Task objective: All the lines below need to be output exactly, apart from any images.

Exercise data:

- - -

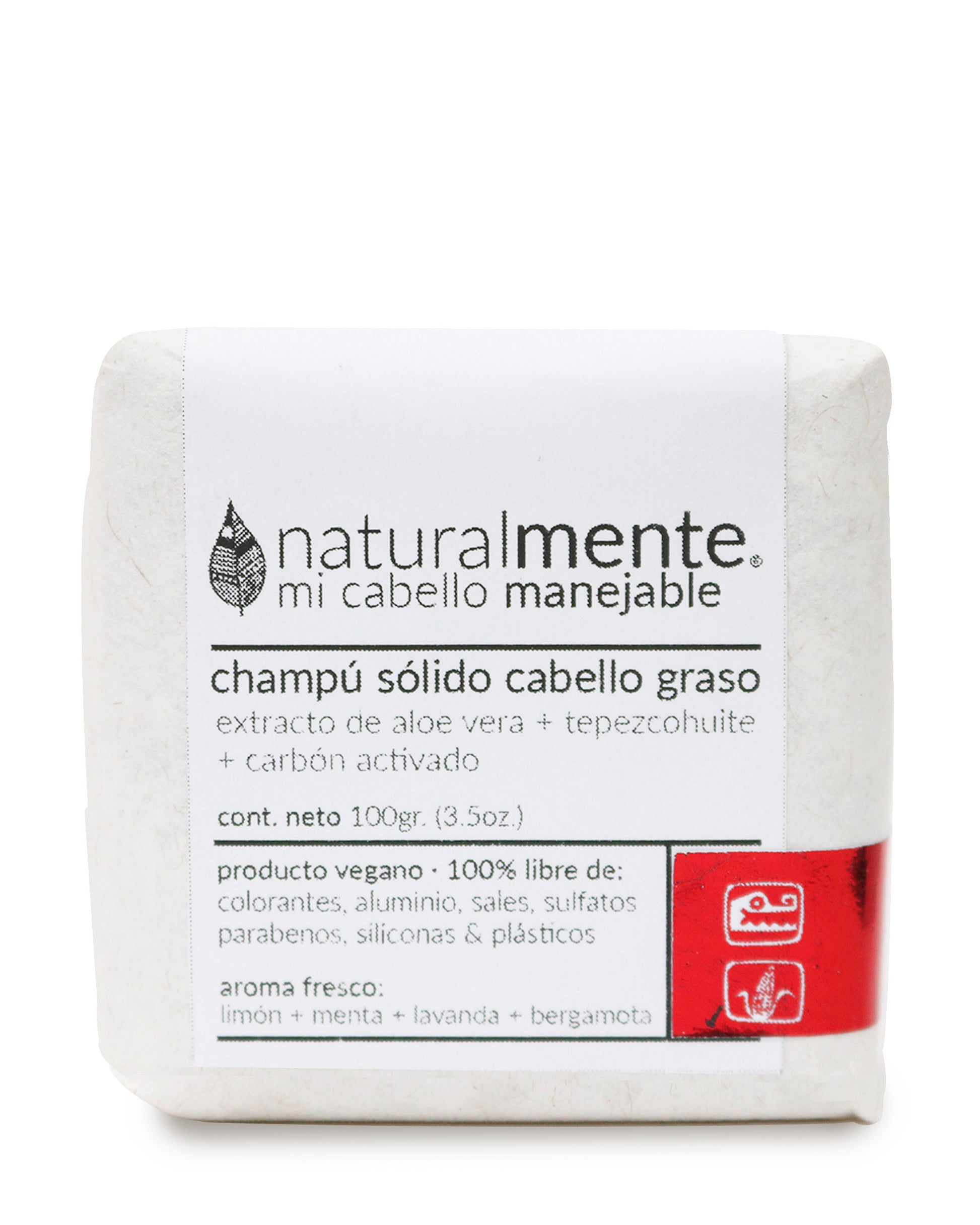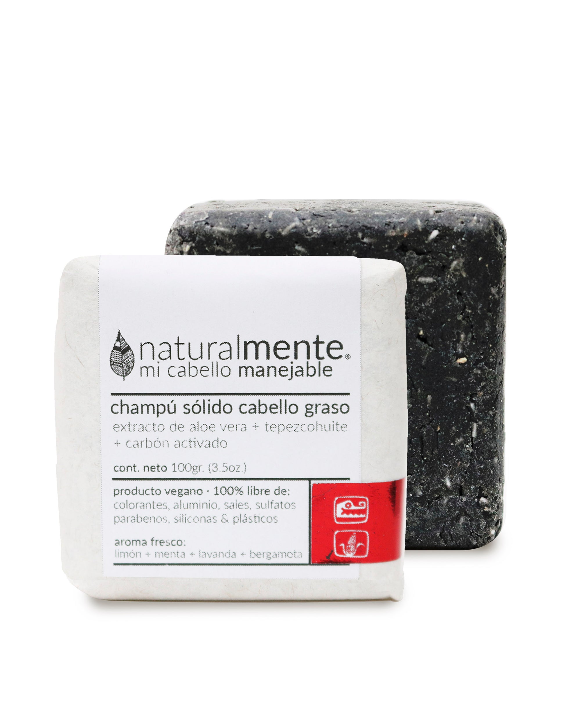 NATURALMENTE Champú Sólido Cabello Graso - Aloe Vera + Tepezcohuite + Carbón Activo - Aroma Fresco 100 gr.
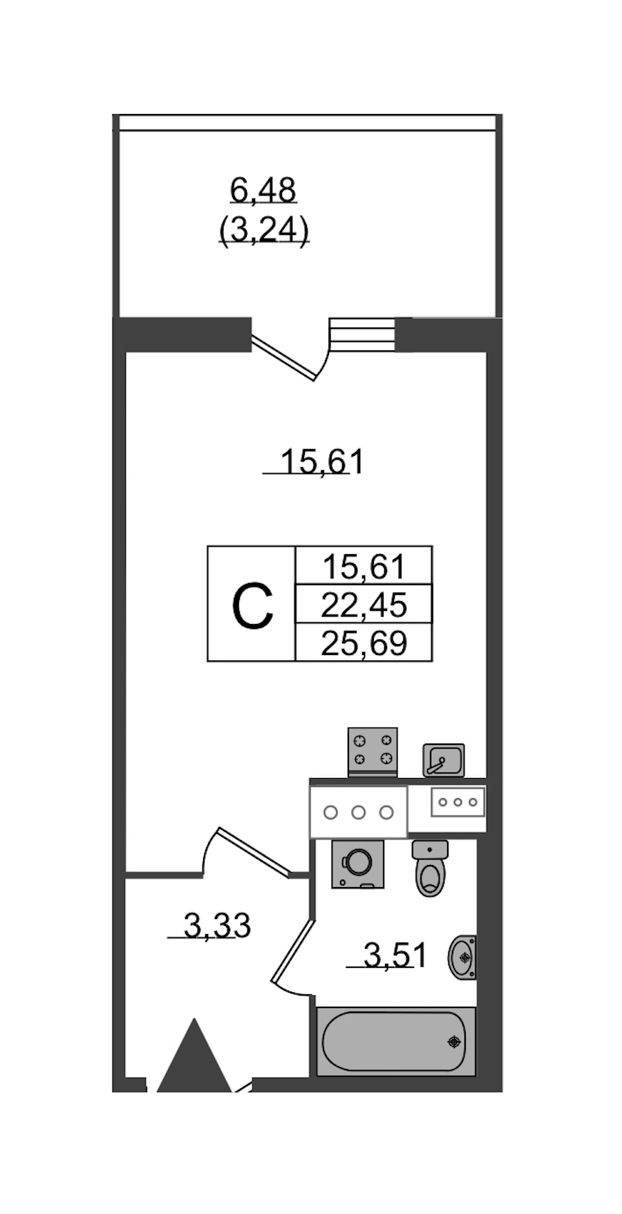- Площадь25,69 м2
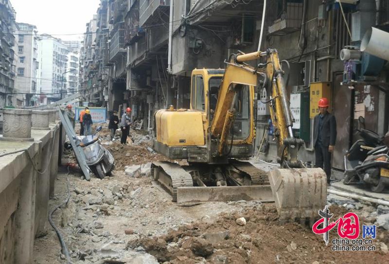 在老旧小区改造项目祥和大院至友好医院九曲溪段施工现场,工人们正进行管沟开挖、场地平整作业,现场挖掘机轰鸣。九曲溪段全长1.8公里,建设内容包括雨污水管网改造及道路、景观、绿化等配套设施建设,目前该项目已完成过半。
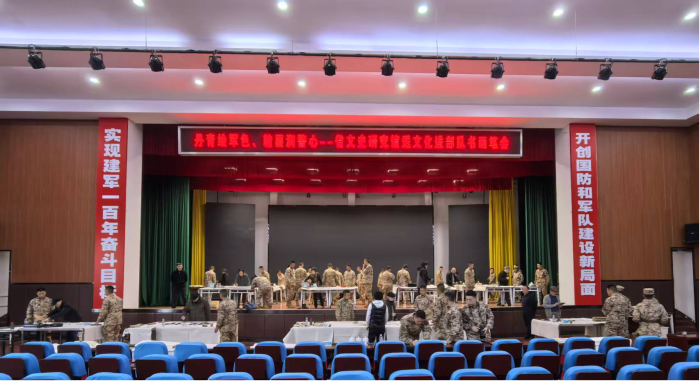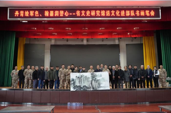 为深入学习贯彻习近平文化思想,厚植中华优秀传统文化根脉,以文化赋能军营建设,丰富武警官兵精神文化生活,厚植军民鱼水深情,12月5日上午,省文史研究馆副馆长何文斌带领馆员、特约研究员书画家一行20余人,走进武警湖南总队新兵团举办“丹青绘军色、翰墨润警心”——省文史研究馆送文化进部队书画笔会活动,为部队官兵送上一份浸润墨香的文化厚礼。周中耀、周克臣、康移风、王炳炎、欧阳慧龄、陈和西、孔凡智、周群艺、张志、罗光磊等馆员,王千悦、欧程远、肖剑、廖连兴、袁绍明等特约研究员参加此次活动。

- - -

Finished exercise:
 NATURALMENTE Champú Sólido Cabello Graso - Aloe Vera + Tepezcohuite + Carbón Activo - Aroma Fresco 100 gr.
- Площадь25,69 м2
 在老旧小区改造项目祥和大院至友好医院九曲溪段施工现场,工人们正进行管沟开挖、场地平整作业,现场挖掘机轰鸣。九曲溪段全长1.8公里,建设内容包括雨污水管网改造及道路、景观、绿化等配套设施建设,目前该项目已完成过半。
 为深入学习贯彻习近平文化思想,厚植中华优秀传统文化根脉,以文化赋能军营建设,丰富武警官兵精神文化生活,厚植军民鱼水深情,12月5日上午,省文史研究馆副馆长何文斌带领馆员、特约研究员书画家一行20余人,走进武警湖南总队新兵团举办“丹青绘军色、翰墨润警心”——省文史研究馆送文化进部队书画笔会活动,为部队官兵送上一份浸润墨香的文化厚礼。周中耀、周克臣、康移风、王炳炎、欧阳慧龄、陈和西、孔凡智、周群艺、张志、罗光磊等馆员,王千悦、欧程远、肖剑、廖连兴、袁绍明等特约研究员参加此次活动。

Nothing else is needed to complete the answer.